BRRNY adalah harga indeks benchmark Bitcoin harian yang mengumpulkan data perdagangan dari beberapa pasar Bitcoin USD yang dioperasikan oleh bursa mata uang kripto utama yang memenuhi standar pertukaran komponen CMECF, dan dibandingkan dengan harga penutupan pasar keuangan tradisional AS pada jam 4 sore waktu New York. Dan diatur oleh FCA Inggris sesuai dengan BMR UE.
Menurut SuiChung, tujuh dari 13 aplikasi ETF yang diyakini pernah disetujui menggunakan indeks acuan ini. Selain Kraken, penyedia indeks termasuk Bitstamp, Coinbase, itBit, Gemini dan LMAX Digital.
Perjanjian pembagian pengawasan adalah puncak dari aplikasi ini
Berbicara tentang perbedaan dokumen lamaran BlackRock kali ini, Sui Chung berpendapat bahwa yang terpenting adalah proses 19-b4, Sebagai bursa, NASDAQ harus menunjukkan mengapa pencatatan ETF tidak akan merugikan ketentuan Sekuritas dan UU Pertukaran.
Nasdaq menyatakan dalam dokumen aplikasinya bahwa mereka akan menandatangani perjanjian berbagi pengawasan Bitcoin (surveillance-sharinaagreement) dengan operator platform perdagangan spot. Perjanjian berbagi pemantauan memungkinkan mitra untuk berbagi informasi tentang aktivitas perdagangan pasar, aktivitas kliring, dan identitas pelanggan, sehingga mengurangi kemungkinan manipulasi pasar. Protokol semacam itu dapat membantu bursa mendeteksi dan mencegah potensi penipuan dan manipulasi serta meningkatkan transparansi dan efisiensi pasar.
Dampak ETF spot Bitcoin pada pasar
Ketika ditanya tentang dampaknya terhadap pasar jika ETF Bitcoin spot disetujui, Sui Chung percaya bahwa ini adalah masalah yang melibatkan miliaran dolar Jika ETF dianggap sebagai jenis alat investasi, sekitar 60% dari masyarakat investor di Amerika Setidaknya negara bagian memiliki ETF. ETF adalah pasar yang sangat besar. Dan jika investor yang terbiasa berinvestasi di ETF membeli ETF Bitcoin melalui rencana tabungan jangka panjang seperti 401(k), paket 401(k) juga akan mendapat manfaat pajak.

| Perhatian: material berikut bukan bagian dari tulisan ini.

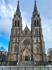The Church of St. Ludmila (Czech: Kostel svaté Ludmily) is a neo-Gothic Catholic church at Náměstí Míru (Peace Square) in Prague's Vinohrady, built on plans of Josef Mocker in 1888–1892. It is named in honor of St. Ludmila of Bohemia.
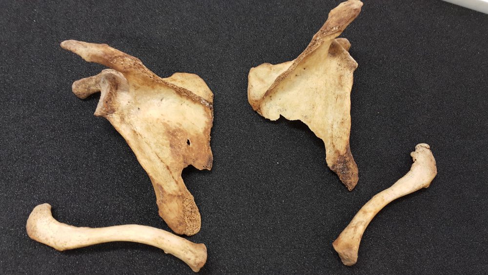 Differently shaped left and right shoulder blades on another skeleton show signs of wear and tear
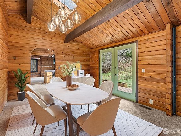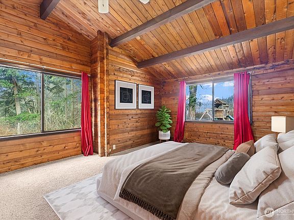Tucked into nearly five acres of forest-wrapped privacy, this original one-level log cabin offers the rare kind of quiet that’s hard to find. Built in 1976 and rich with authentic character, the home sits adjacent to hundreds of acres of protected state land—ensuring lasting privacy, preserved trails, and a natural backdrop that won’t be developed. Inside, vaulted ceilings with exposed beams and a dramatic stone fireplace anchor the main living space. An efficient wood-burning insert adds both warmth and character, while the open living and dining area feels expansive yet grounded—designed for everyday living as well as gathering. This home offers four bedrooms and two full bathrooms, including a primary suite with an ensuite bath, all thoughtfully arranged on a single level. Outside, the acreage provides room for horses, chickens, gardens, or simply space to breathe. Located on an easy-access island with no ferry required, the property is conveniently close to everyday amenities while remaining deeply connected to nature. Two nearby state parks—including one with a boat ramp—are just minutes away, offering beaches, trails, and endless opportunities to explore the outdoors. Whether envisioned as a peaceful full-time residence tucked into nature or an unplugged retreat with room to reimagine, this is a rare opportunity to own a true log cabin sanctuary—private, authentic, and quietly special.
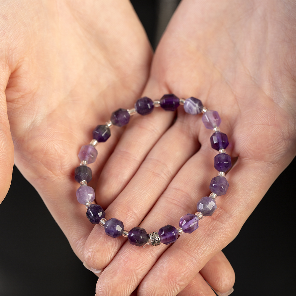 Faset Kesim Ametist Doğaltaş Kadın Bileklik
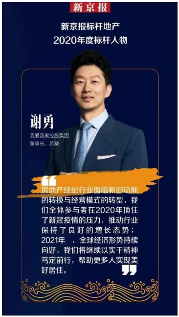 新年伊始,新京報(bào)標(biāo)桿地產(chǎn)挑選出在此特殊環(huán)境下為行業(yè)做出卓越貢獻(xiàn)的行業(yè)領(lǐng)袖,我愛我家集團(tuán)董事長謝勇與京投集團(tuán)、世茂集團(tuán)、碧桂園等企業(yè)領(lǐng)導(dǎo)人共同獲評(píng)“2020年度標(biāo)桿人物”。
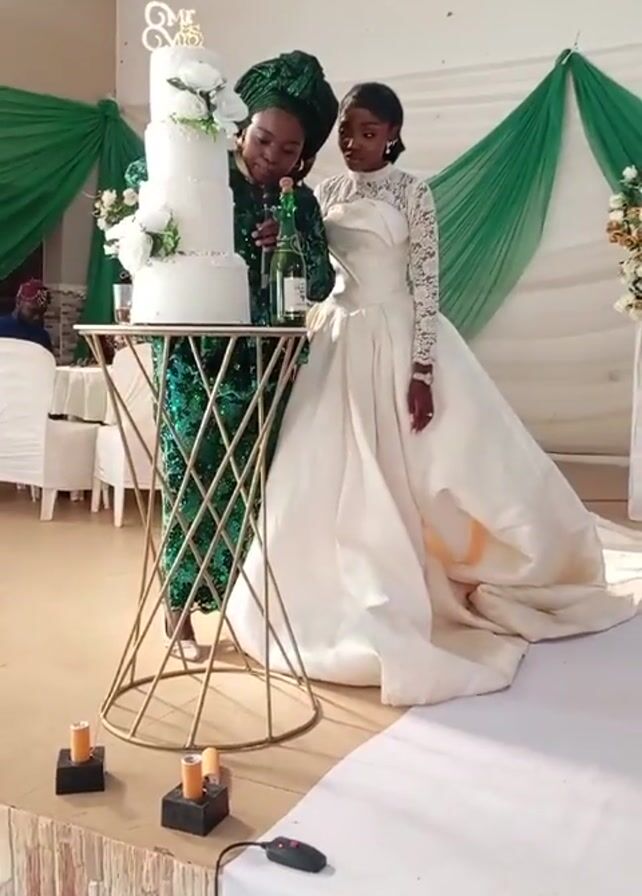On a stage draped in white fabric, a wedding scene unfolds. A bride in a long-sleeved white gown stands next to a woman in a green dress and headwrap. They are positioned near a tall, thin gold stand that supports a four-tiered white wedding cake, adorned with white flowers and a "Mr & Mrs" topper. The woman in green holds a microphone and a green bottle, seemingly giving a speech or toasting. Three candles in black holders are placed at the base of the stand. The backdrop features green and white draping, and tables with white tablecloths and chairs are visible in the background.
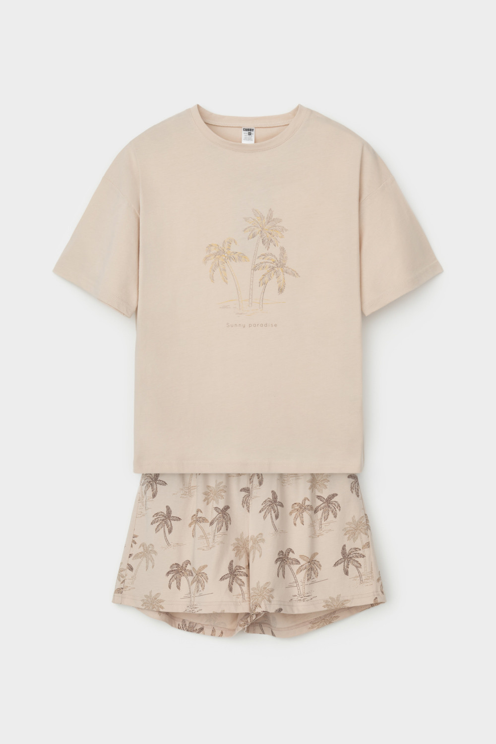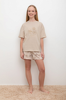 Трикотажный пижамный комплект из натурального хлопка. У футболки короткие рукава со спущенными плечами. Шорты с поясом на резинке. Оригинальная набивка выполнена из стойких, гипоаллергенных текстильных красителей. Все трикотажные полотна производятся в соответствии с нормами Швейцарского сертификата ЭкоТекс.
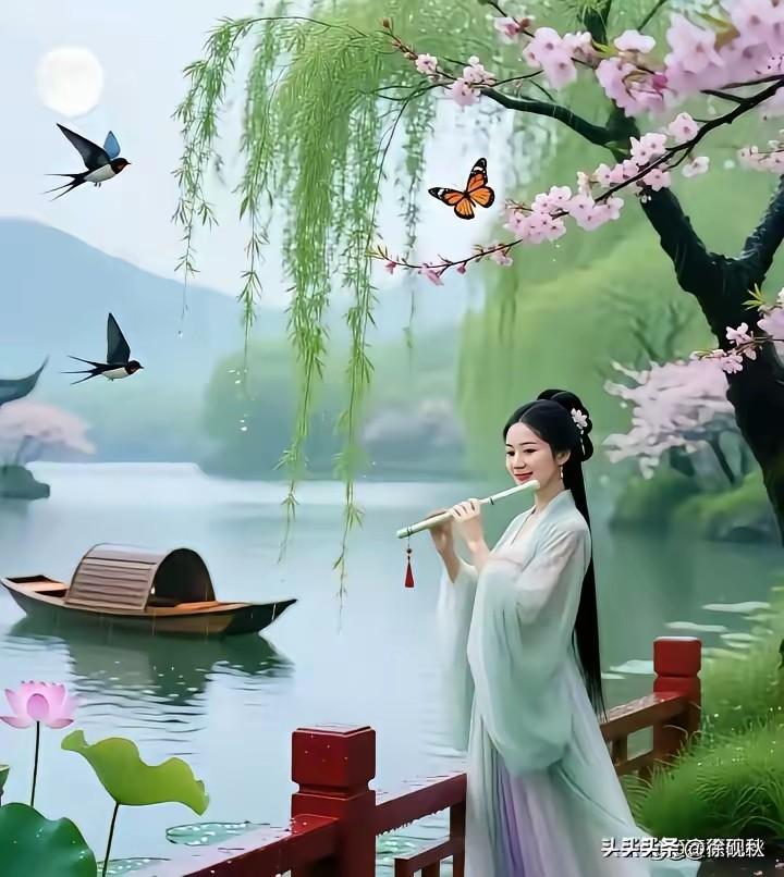 雾蒙湖面柳丝柔, 绿伞佳人立桥头。 满眼青翠藏心事, 相思离愁亦烦忧。
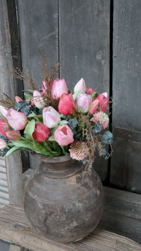 Niet van echte tulpen te onderscheiden! Prachtig kant en klaar boeket met bosjes real touch tulpen (28 cm l) in diversen kleuren roze met wat namaak eucalyptus & kunst takken.
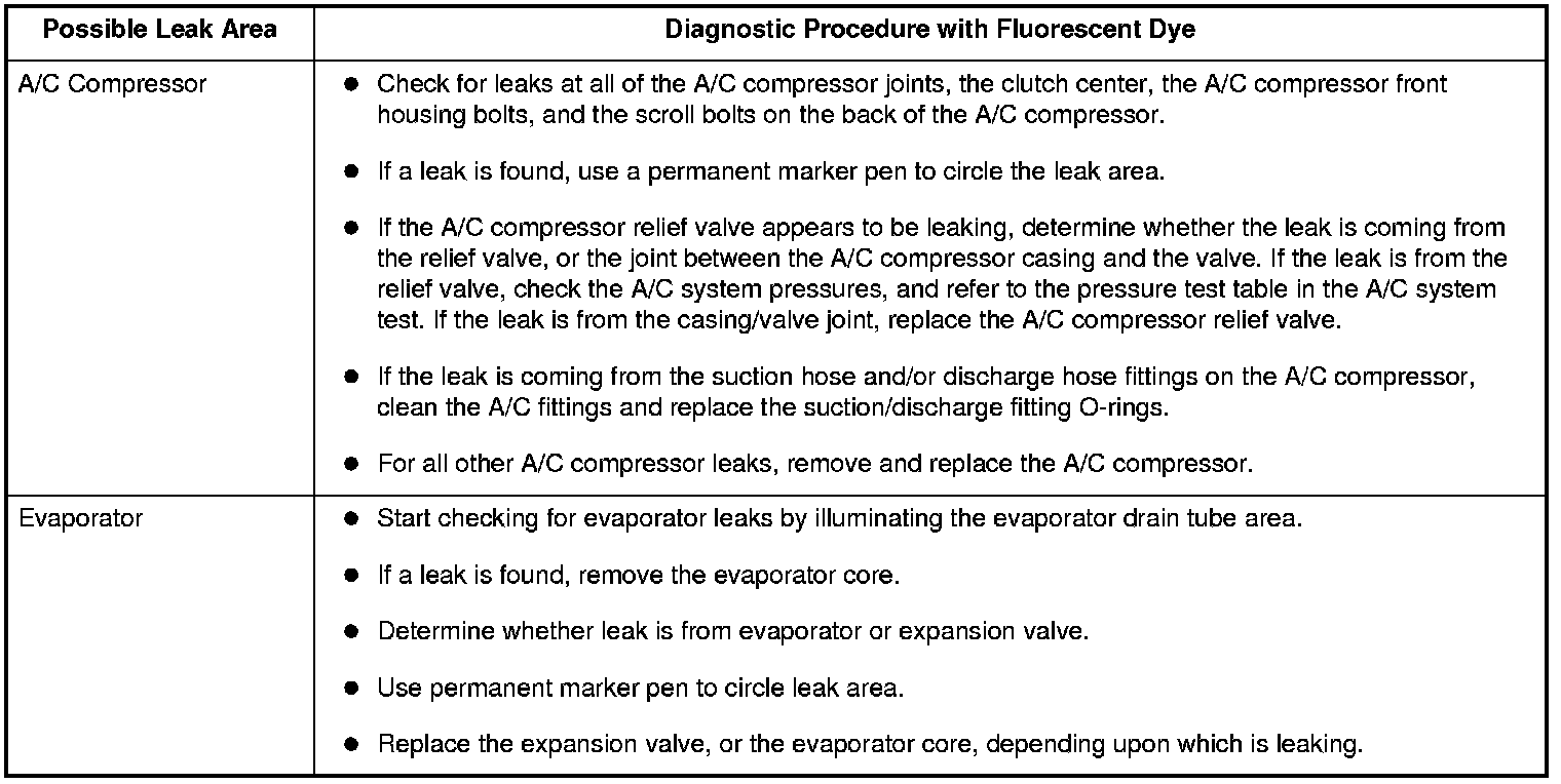 11. Run the engine and A/C system for 15 minutes to thoroughly circulate the dye. Then shut the engine off, and inspect the following areas of the system for leaks:
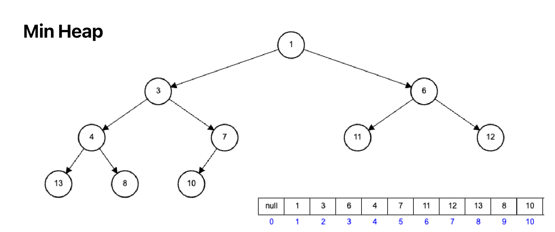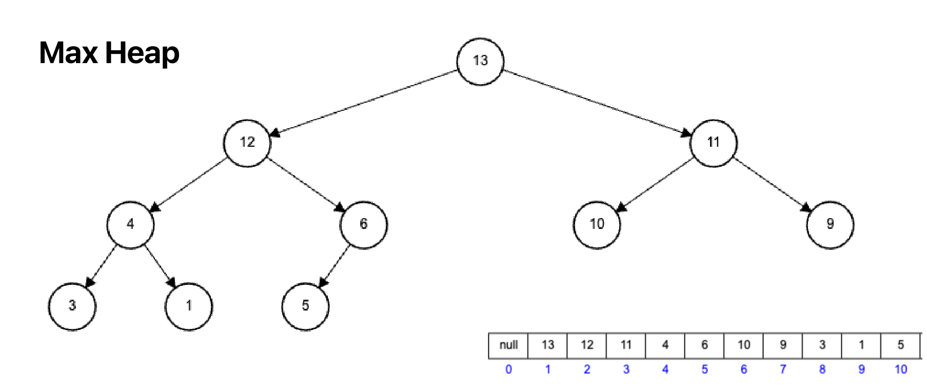 Heap은 루트 노드로 올라갈 수록 저장된 값이 커지는 Max Heap과 작아지는 Min Heap으로 나누어진다. 그림을 보면 딱 봐도 탐색이 쉽지 않을 것 같다는 느낌을 받을 수 있다. 또한, Heap은 Array를 이용해 구현하는 것이 원칙이다. Linked List를 이용하면 새로운 노드를 Heap의 마지막 위치에 추가하는 것이 쉽지 않기 때문이다. 아래는 Max Heap과 Min Heap의 예시이다.
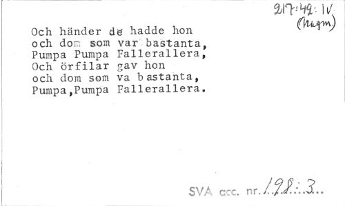 //// Och händer de hadde hon och dom som var bastanta, Pumpa Pumpa Fallerallera, Och örfilar gav hon och dom som va bastanta, Pumpa,Pumpa Fallerallera. //// SVA ccc. nr. //// 132-.3... ////
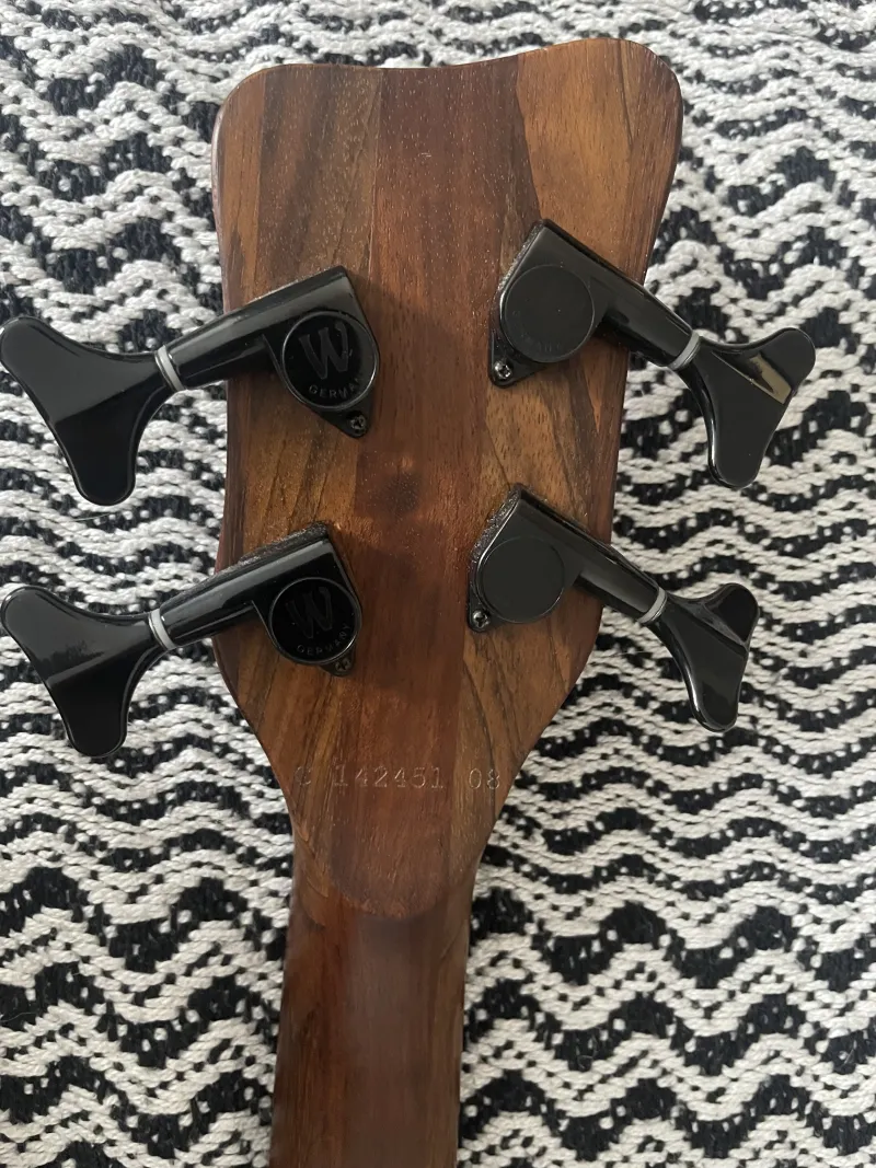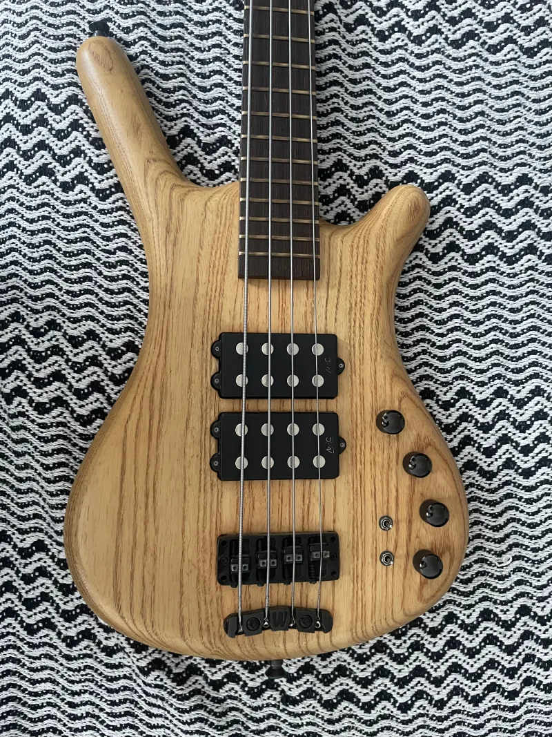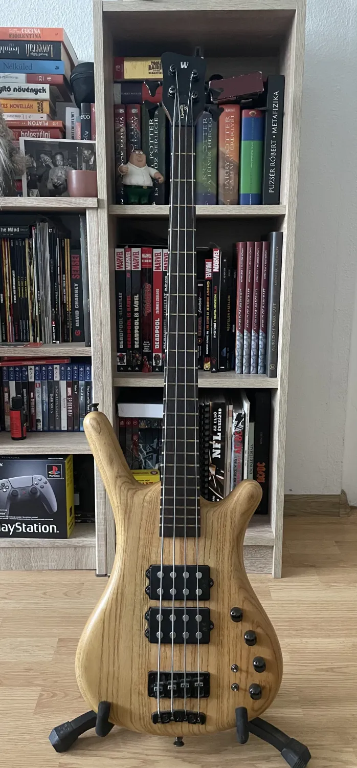 Üdv!Eladó sorba került szeretett WW Corvette basszusgitárom! Hosszú évekig aktív használatban volt, az utóbbi 4 évben az éves beállítást kivéve szinte sosem volt elővéve. Műszakilag hibátlan, friss elemmel, gyári kiegészítőivel és egy bontatlan Ernie Ball 45-105-ös húrszettel kínálom. A gyári tokot is adom hozzá, viseletes, de funkcióját ellátja. A fejen található egy apró benyomódás (kép csatolva).

Menurut statistik, 20% orang Amerika sudah memiliki mata uang kripto. Namun, jika Anda membeli dan menjual Bitcoin melalui bursa seperti Coinbase, Anda akan dikenakan pajak keuntungan modal. Namun, jika Anda membeli dan menjual Bitcoin ETF melalui 401(k), Anda akan menikmati manfaat pajak tangguhan, dan Anda akan menikmati manfaat pajak tangguhan. mungkin juga mendapatkan bagian dari kepemilikan mata uang kripto yang disukai oleh orang-orang.
Catatan: Program manfaat pensiun 401(k) adalah program rekening pensiun tangguhan pajak yang dibuat di Amerika Serikat pada tahun 1981. Pemerintah AS dengan jelas menetapkan peraturan terkait dalam Bagian 401(k) dari Kode Pendapatan Internal, sehingga disebut sebagai menjadi 401. (k) Rencana.
Meskipun penerapan BlackRock baru akan membuahkan hasil paling cepat awal Agustus, jumlah Bitcoin yang dimiliki oleh Purpose Bitcoin ETF yang terdaftar di Bursa Efek Toronto di Kanada telah mencapai 25,418, mencapai rekor tertinggi baru sejak Agustus tahun lalu, dan pengelolaan dana skalanya juga telah mencapai 25.418 sebesar US$1,03 miliar. Baru-baru ini, pasar enkripsi dan saham berkonsep blockchain juga menunjukkan tren perayaan yang baik. Mengenai berapa lama gelombang masuk institusional ini dapat bertahan dan apakah ini benar-benar akan membuka pasar baru, investor masih harus berhati-hati dalam mengelola risiko!